Bayesian Inference

NYU Applied Statistics for Social Science Research

Eric Novik | Spring 2024 | Lecture 4

MCMC, Posterior inference, and Prediction

  • Metropolis-Hastings-Rosenbluth algorithm
  • R implementation and testing
  • Computational issues
  • Why does MHR work
  • Posterior predictive distribution
  • Posterior predictive simulation in Stan
  • Optimization and code breaking with MCMC

\[ \DeclareMathOperator{\E}{\mathbb{E}} \DeclareMathOperator{\P}{\mathbb{P}} \DeclareMathOperator{\V}{\mathbb{V}} \DeclareMathOperator{\L}{\mathcal{L}} \DeclareMathOperator{\I}{\text{I}} \DeclareMathOperator*{\argmax}{arg\,max} \DeclareMathOperator*{\argmin}{arg\,min} \]

High-Level Outline of MHR

  • The idea is to spend “more time” in the area of high posterior volume
  • Pick a random starting point at \(i=1\) with \(\theta^{(1)}\)
  • Propose a next possible value of \(\theta\), call it \(\theta'\) from an (easy) proposal distribution
  • Evaluate if you should accept or reject the proposal
  • If accepted, go to \(\theta^{'(2)}\), otherwise stay at \(\theta^{(2)} = \theta^{(1)}\)
  • Rinse and repeat
  • If we can get an independant draw from \(\theta\), we just take it
  • That amounts to regular Monte Carlo sampling, like rnorm(1, mean = 0, sd = 1)
  • Otherwise, we need a rule for evaluating when to accept and when to reject the proposal
  • We still need a way to evaluate the density at the proposed value (it will be part of the rule)
  • The big idea: if the proposed \(\theta'\) has a higher plausibility than the current \(\theta\), accept \(\theta'\); if not, sometimes accept \(\theta'\)
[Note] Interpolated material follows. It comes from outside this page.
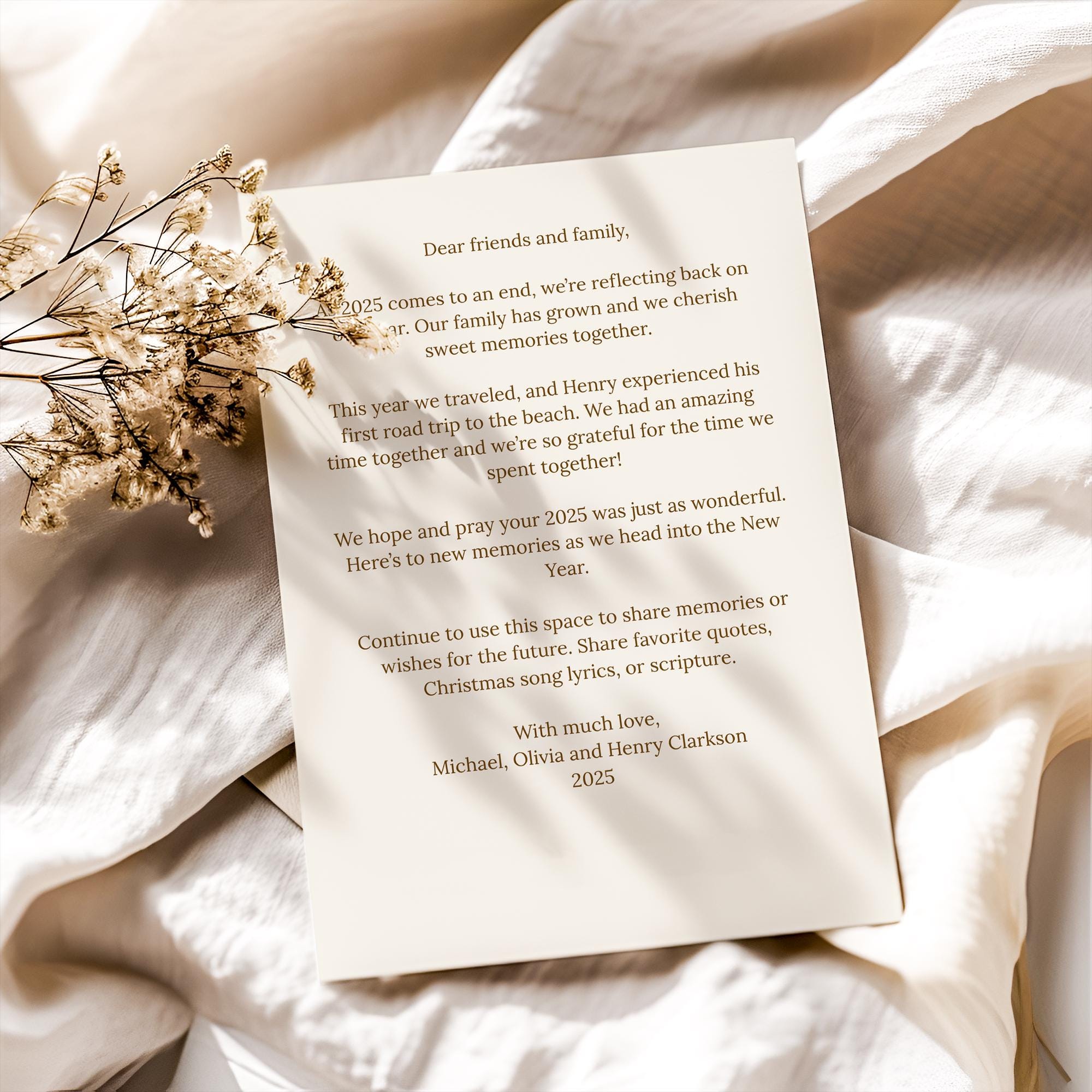 This 5x7 Merry Christmas card is an instant digital download you can personalize in minutes. Add your photo, update your family names, and edit your message right in Canva — no design experience needed! Perfect for printing at home or sending to your favorite print shop.

Normal-Normal with Known \(\sigma\)

  • We will start with a known posterior
  • Let \(y \sim \text{Normal}(\mu, 0.5)\)
  • Let the prior \(\mu \sim \text{Normal}(0, 2)\)
  • Let’s say we observe \(y = 5\)
  • We can immediately compute the posterior \(\mu \mid y \sim \text{Normal}(4.71, 0.49)\)
normal_normal_post <- function(y, sd, prior_mu, prior_sd) {
# for the case where sd is known
  prior_prec <- 1/prior_sd^2 
  data_prec <- 1/sd^2
  n <- length(y)
  post_mu <- (prior_prec * prior_mu + data_prec * n * mean(y)) /
             (prior_prec + n * data_prec)
  post_prec <- prior_prec + n * data_prec
  post_sd <- sqrt(1/post_prec)
  return(list(post_mu = post_mu, post_sd = post_sd))
}

normal_normal_post(y = 5, sd = 0.5, prior_mu = 0, prior_sd = 2) |>
  unlist() |> round(2)
post_mu post_sd 
   4.71    0.49 

Metropolis-Hastings-Rosenbluth (MHR)

  • We are trying to generate draws: \(\left( \theta^{(1)}, \theta^{(2)}, ..., \theta^{(N)}\right)\) implied by the target density \(f\)
  • Pick the first value of \(\theta\) randomly or deterministically
  • Draw \(\theta'\) from a proposal distribution \(q(\theta'\mid\theta)\)
  • Compute the unnormalized \(f(\theta'\mid y) \propto f(y \mid \theta') f(\theta') = f_{\text{prop}}\)
  • Compute the unnormalized \(f(\theta \mid y) \propto f(y \mid \theta) f(\theta) = f_{\text{current}}\)
  • Compute \(\text{ratio}_f = \frac{f_{\text{prop}}}{f_{\text{current}}}\) and \(\text{ratio}_q = \frac{q(\theta\mid\theta')}{q(\theta'\mid\theta)}\)
  • Asseptance probability \(\alpha = \min\left\lbrace 1, \text{ratio}_f \cdot \text{ratio}_q \right\rbrace\)
  • If \(q\) is symmetric, we can drop \(\text{ratio}_q\), in which case \(\alpha = \min\left\lbrace 1, \text{ratio}_f \right\rbrace\)
  • If \(\text{ratio} \geq 1\), accept \(\theta'\), else flip a coin with \(\text{Pr}(X=1) = \alpha\) and accept \(\theta'\) if \(X=1\), stay with current \(\theta\), if \(X=0\)
  • Why in case of normals, \(q(\theta'\mid\theta) = q(\theta\mid\theta')\)

dnorm(1, mean = 0)
[1] 0.2419707
dnorm(0, mean = 1)
[1] 0.2419707

MHR in R

metropolis_iteration_1 <- function(y, current_mean, proposal_scale, 
                                   sd, prior_mean, prior_sd) {
# assume prior ~ N(prior_mean, prior_sd) and sd is known
# proposal sampling distribution q = N(current_mean, proposal_scale)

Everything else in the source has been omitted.